[Try it]
Each entry below should be returned exactly as is, with the pictures removed.

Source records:
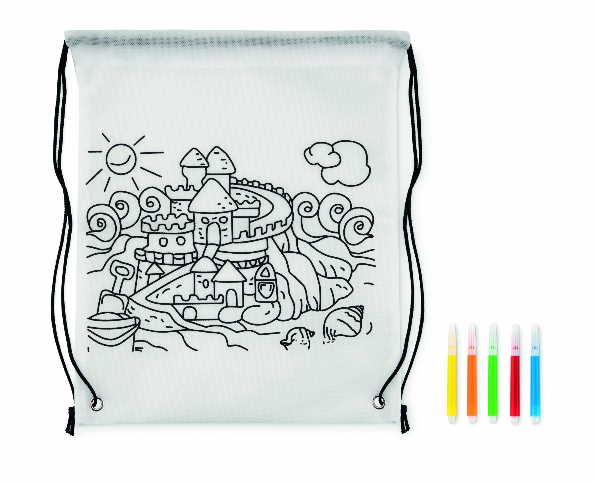 Non woven drawstring bag with 5 markers and design to colour in. 80 gr/m². Standard imprint.
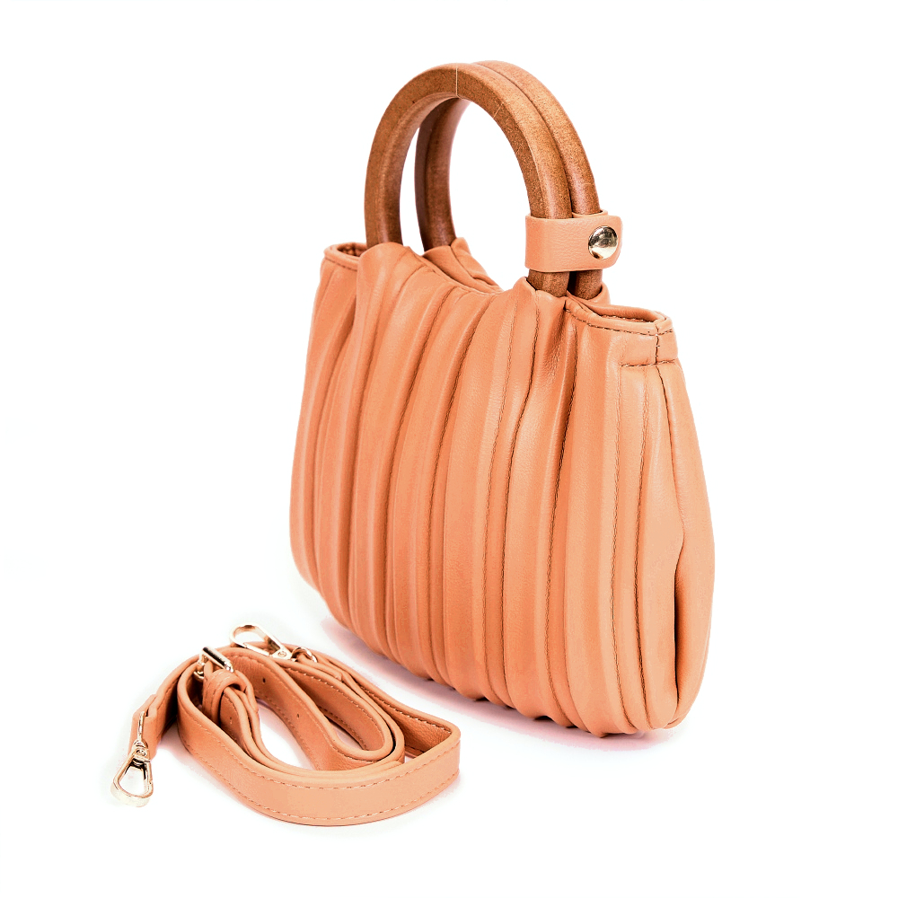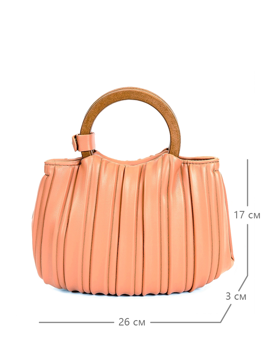 Женская сумка из искусственной кожи с деревянными ручками на магните и с золотистой фурнитурой. Модель выполнена с подкладом, внутри - карман на молнии. К сумке прилагается плечевой ремень, регулируемый до 112 см. Сумка поставляется в текстильной и полиэтиленовой упаковке.
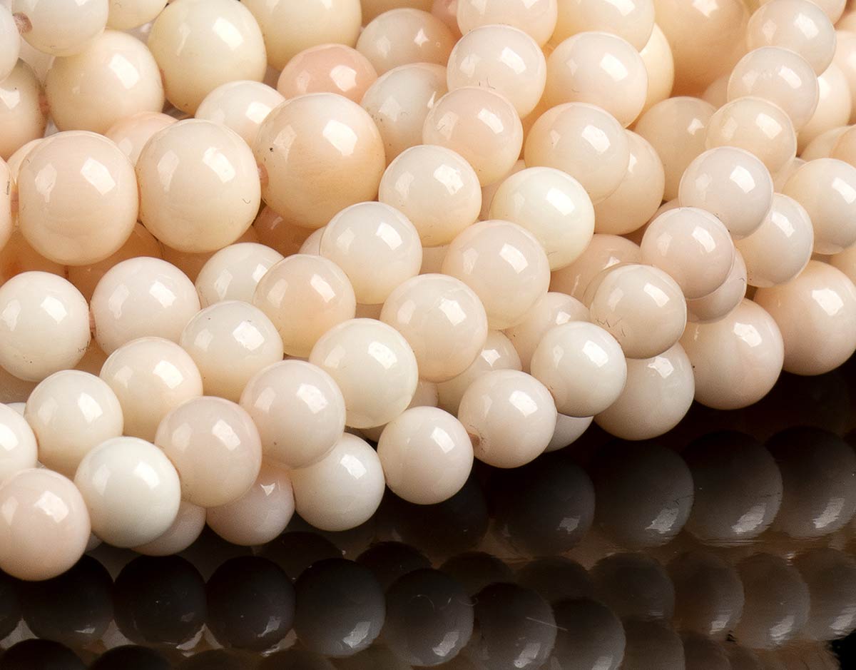 22 fili slegati di sfere di corallo rosa
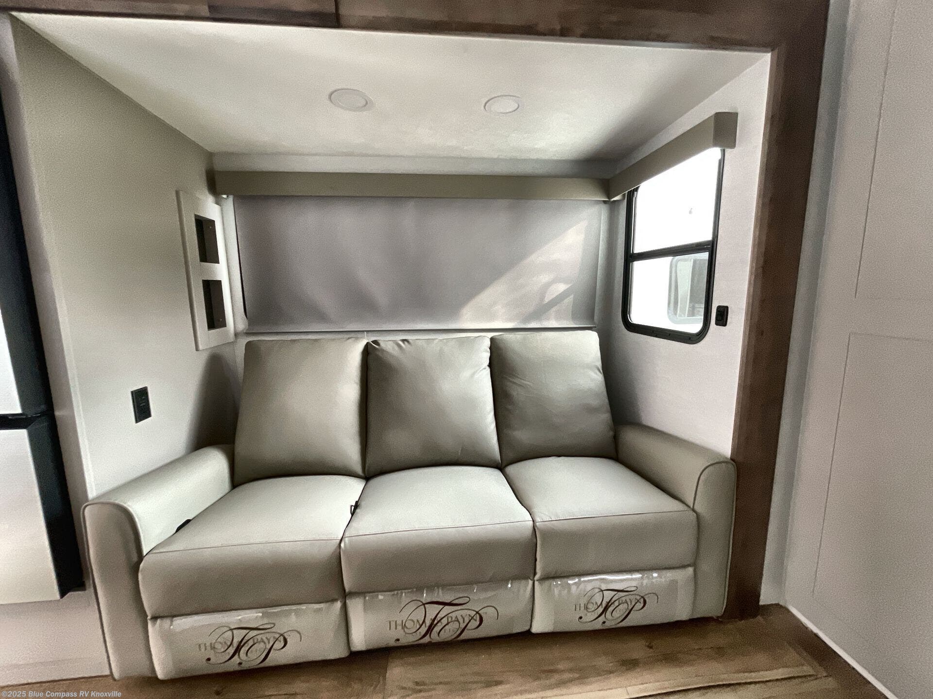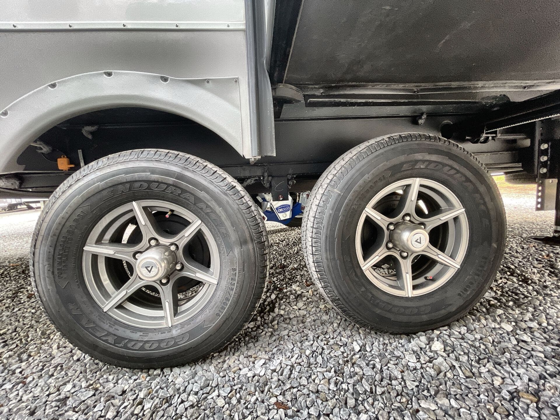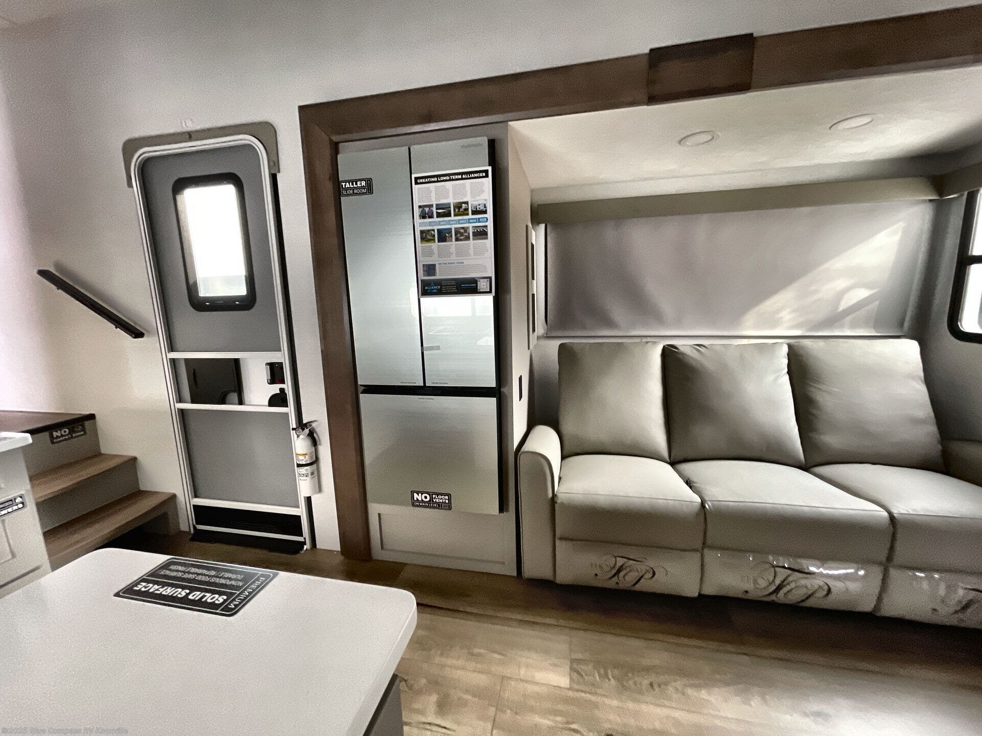 A benchmark chassis creates a space saver upper deck with each one of these Avenue All-Access fifth wheels by Alliance RV! The 101 in. wide-body construction gives you more room to walk around and the flush slide out floors throughout prevent any tripping. There are composite sidewalls inside and out, and a seamless fully walkable PVC roof for extreme durability and zero maintenance. You are sure to love no carpet throughout making each Avenue All-Access easy to clean and allergen free, not to mention pet friendly. You can maximize your space throughout with innovative storage solutions like the hidden storage behind the TV, inside the end tables, ottoman, and dinette chairs. These units also include the OTG Solar Package with a 200 watt solar panel, 15 amp MPPT charger, multiple outlets, and more to keep you powered up!
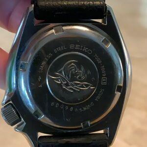 Stylish Seiko divers watch. Black dial with silver accents. Like new, barely worn. SEIKO A1 SCUBA DIVERS Automatic. This is an automatic watch with a diameter of about 42 mm, date, screw-down crown, and bi-rotating bezel. Durable and elegant design.
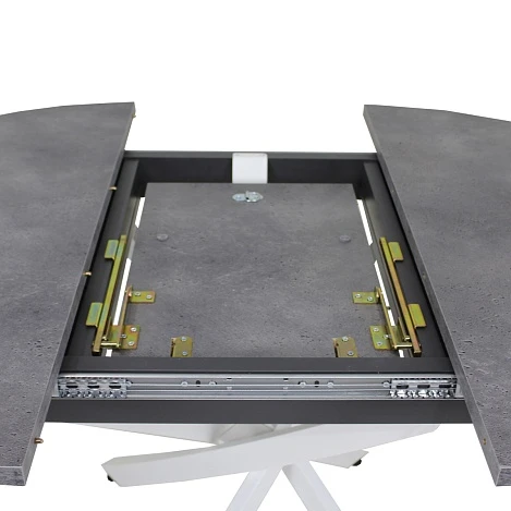 Раскладка производится путём синхронного раздвижения столешницы.
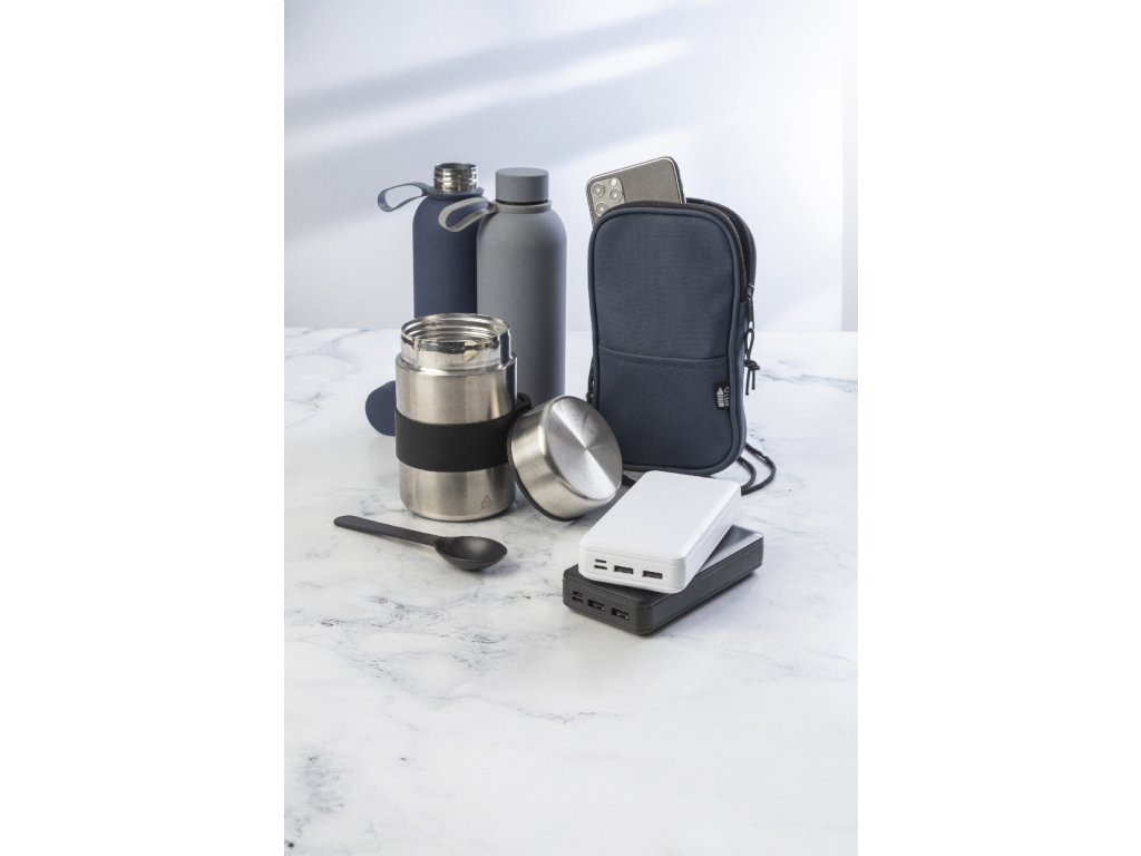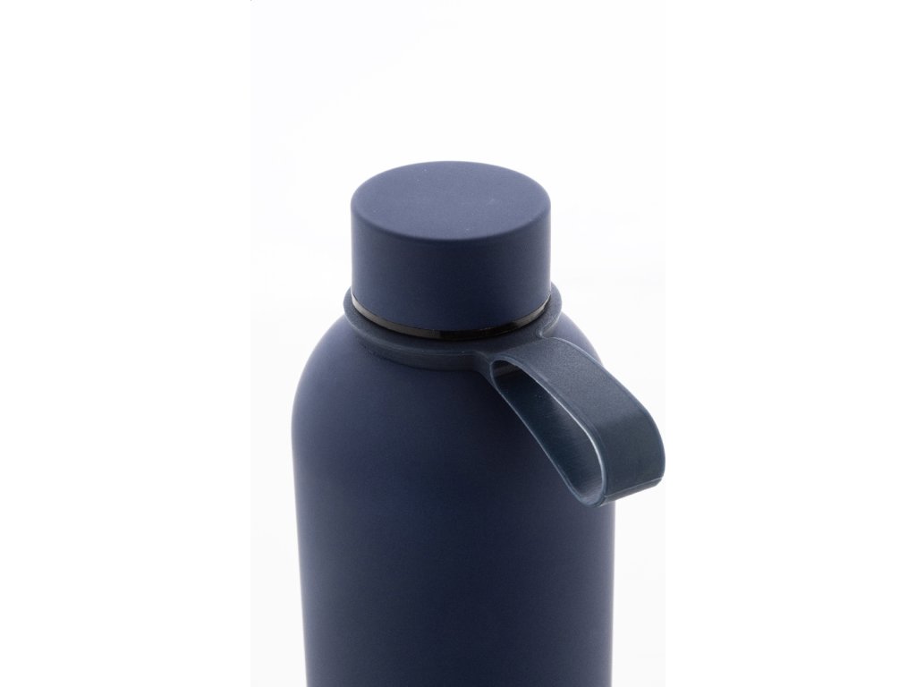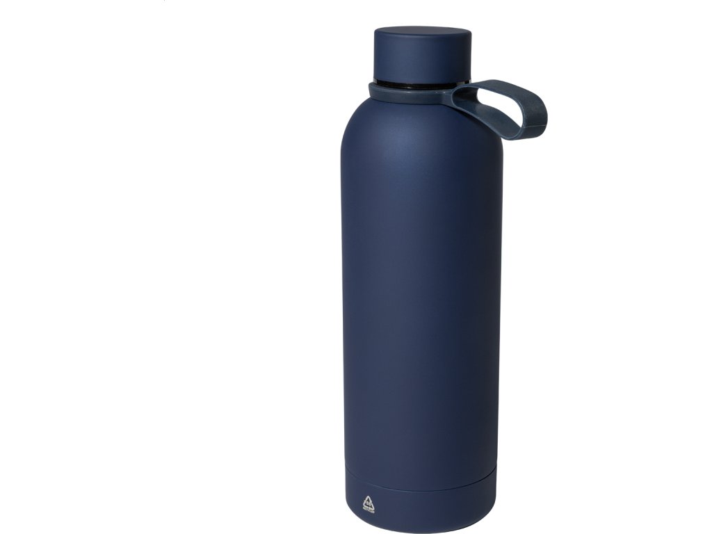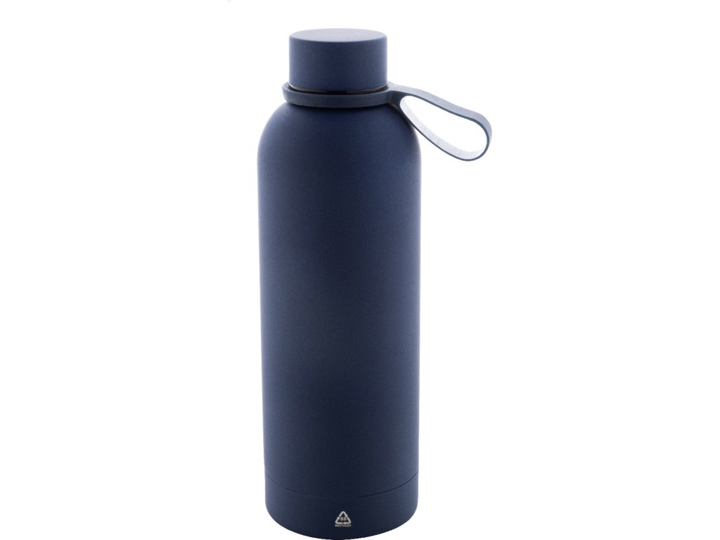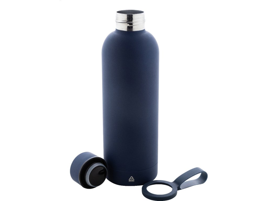 Dvoustěnná vakuová láhev z recyklované nerezové oceli s pogumovanou úpravou a silikonovým páskem, 500 ml.
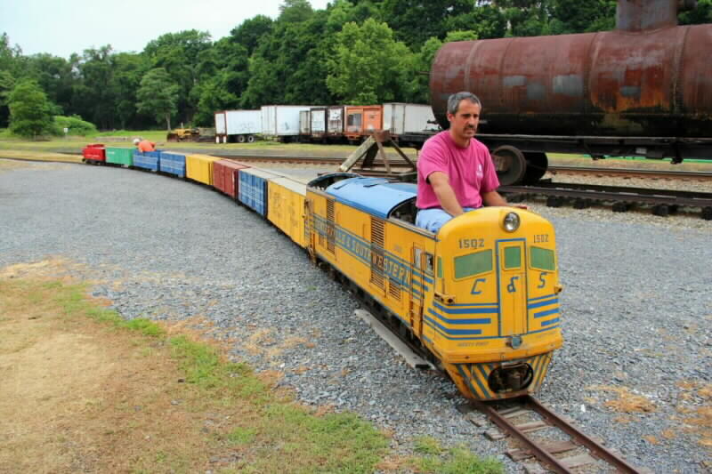 | Photo 3: On July 13, 2012, Bob Marinelli takes the Centerville & Southwestern #1502 for its first test run after more than 15 years in storage. Bob, Pat Graham and Glenn Terminelli have been working months to bring the locomotive back to life. It still needs a lot of work to bring it up to a reliable and well running engine. | ||||

[Answer to this problem]
 Non woven drawstring bag with 5 markers and design to colour in. 80 gr/m². Standard imprint.
 Женская сумка из искусственной кожи с деревянными ручками на магните и с золотистой фурнитурой. Модель выполнена с подкладом, внутри - карман на молнии. К сумке прилагается плечевой ремень, регулируемый до 112 см. Сумка поставляется в текстильной и полиэтиленовой упаковке.
 22 fili slegati di sfere di corallo rosa
 A benchmark chassis creates a space saver upper deck with each one of these Avenue All-Access fifth wheels by Alliance RV! The 101 in. wide-body construction gives you more room to walk around and the flush slide out floors throughout prevent any tripping. There are composite sidewalls inside and out, and a seamless fully walkable PVC roof for extreme durability and zero maintenance. You are sure to love no carpet throughout making each Avenue All-Access easy to clean and allergen free, not to mention pet friendly. You can maximize your space throughout with innovative storage solutions like the hidden storage behind the TV, inside the end tables, ottoman, and dinette chairs. These units also include the OTG Solar Package with a 200 watt solar panel, 15 amp MPPT charger, multiple outlets, and more to keep you powered up!
 Stylish Seiko divers watch. Black dial with silver accents. Like new, barely worn. SEIKO A1 SCUBA DIVERS Automatic. This is an automatic watch with a diameter of about 42 mm, date, screw-down crown, and bi-rotating bezel. Durable and elegant design.
 Раскладка производится путём синхронного раздвижения столешницы.
 Dvoustěnná vakuová láhev z recyklované nerezové oceli s pogumovanou úpravou a silikonovým páskem, 500 ml.
 | Photo 3: On July 13, 2012, Bob Marinelli takes the Centerville & Southwestern #1502 for its first test run after more than 15 years in storage. Bob, Pat Graham and Glenn Terminelli have been working months to bring the locomotive back to life. It still needs a lot of work to bring it up to a reliable and well running engine. | ||||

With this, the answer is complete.